**DATA FOR ANALYSIS**
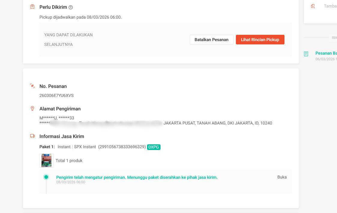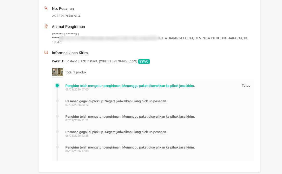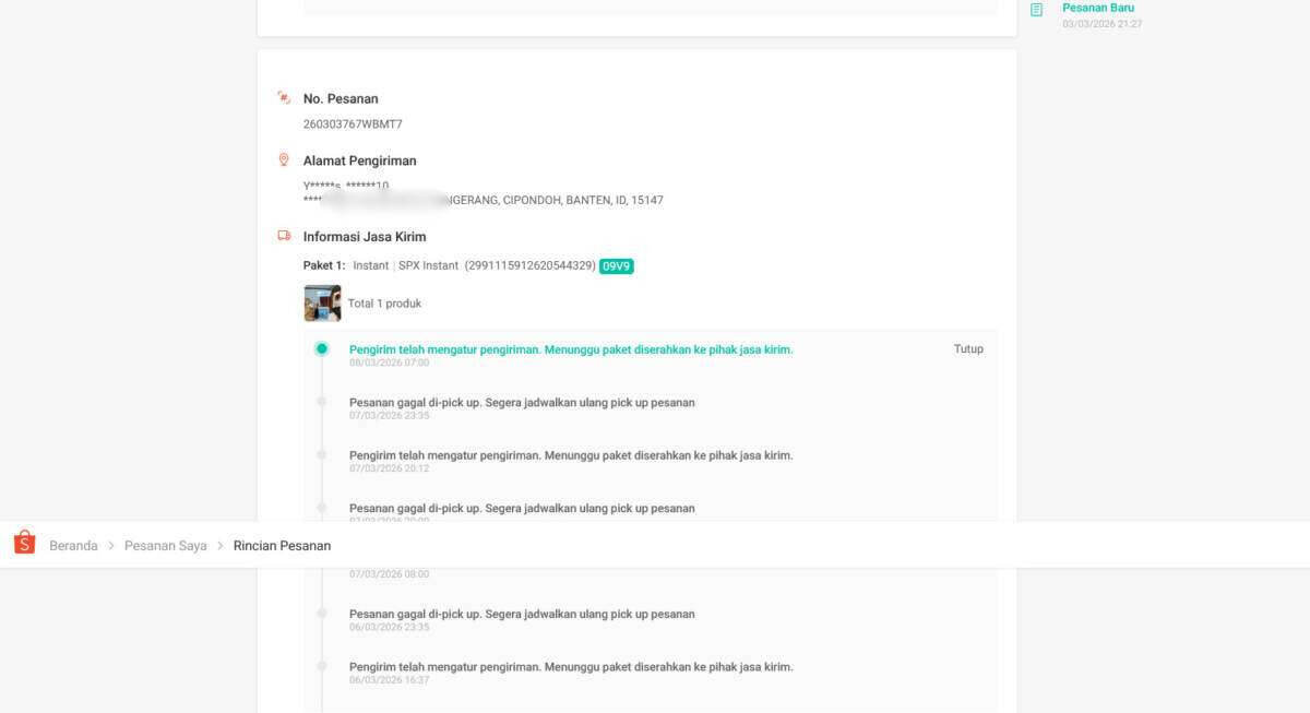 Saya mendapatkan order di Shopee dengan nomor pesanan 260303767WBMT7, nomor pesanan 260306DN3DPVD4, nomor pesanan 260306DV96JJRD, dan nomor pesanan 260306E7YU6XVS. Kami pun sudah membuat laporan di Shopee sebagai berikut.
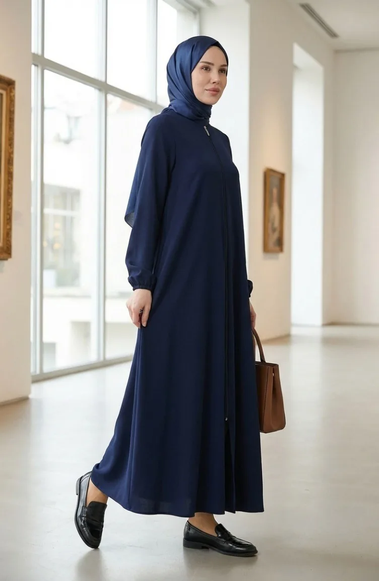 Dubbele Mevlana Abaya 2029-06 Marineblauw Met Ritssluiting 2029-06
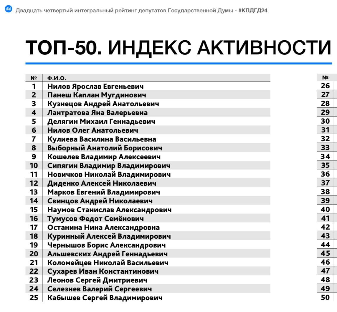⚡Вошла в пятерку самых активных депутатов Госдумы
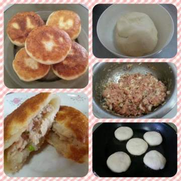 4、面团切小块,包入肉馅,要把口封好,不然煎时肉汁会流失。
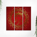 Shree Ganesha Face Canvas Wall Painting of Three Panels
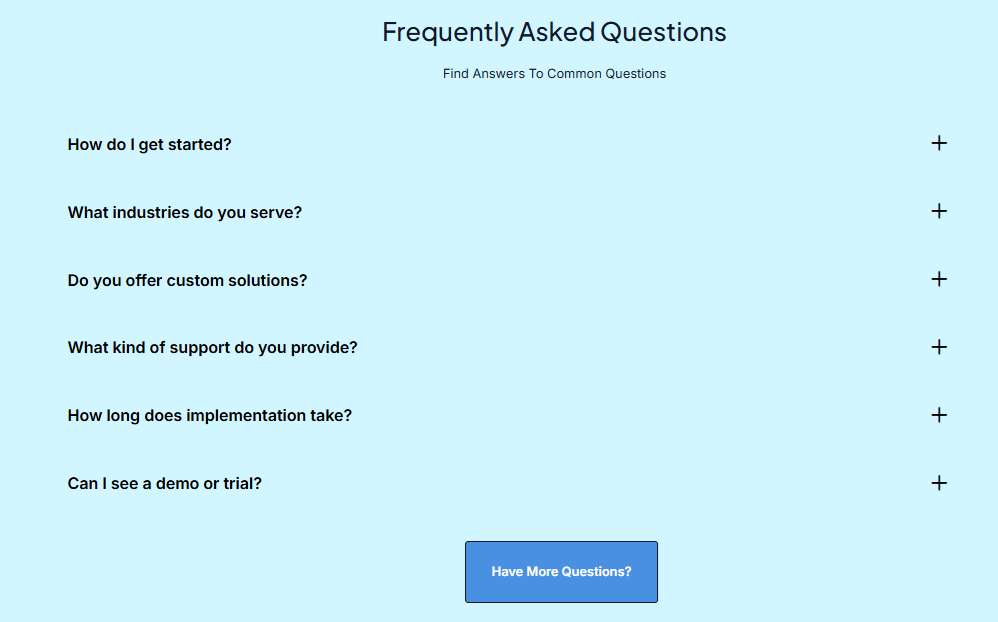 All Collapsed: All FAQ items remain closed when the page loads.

**YOUR TASK**
Everything in the listing except the pictures must be reproduced exactly.

**SOLUTION FOR THIS EXERCISE**
 Saya mendapatkan order di Shopee dengan nomor pesanan 260303767WBMT7, nomor pesanan 260306DN3DPVD4, nomor pesanan 260306DV96JJRD, dan nomor pesanan 260306E7YU6XVS. Kami pun sudah membuat laporan di Shopee sebagai berikut.
 Dubbele Mevlana Abaya 2029-06 Marineblauw Met Ritssluiting 2029-06
⚡Вошла в пятерку самых активных депутатов Госдумы
 4、面团切小块,包入肉馅,要把口封好,不然煎时肉汁会流失。
 Shree Ganesha Face Canvas Wall Painting of Three Panels
 All Collapsed: All FAQ items remain closed when the page loads.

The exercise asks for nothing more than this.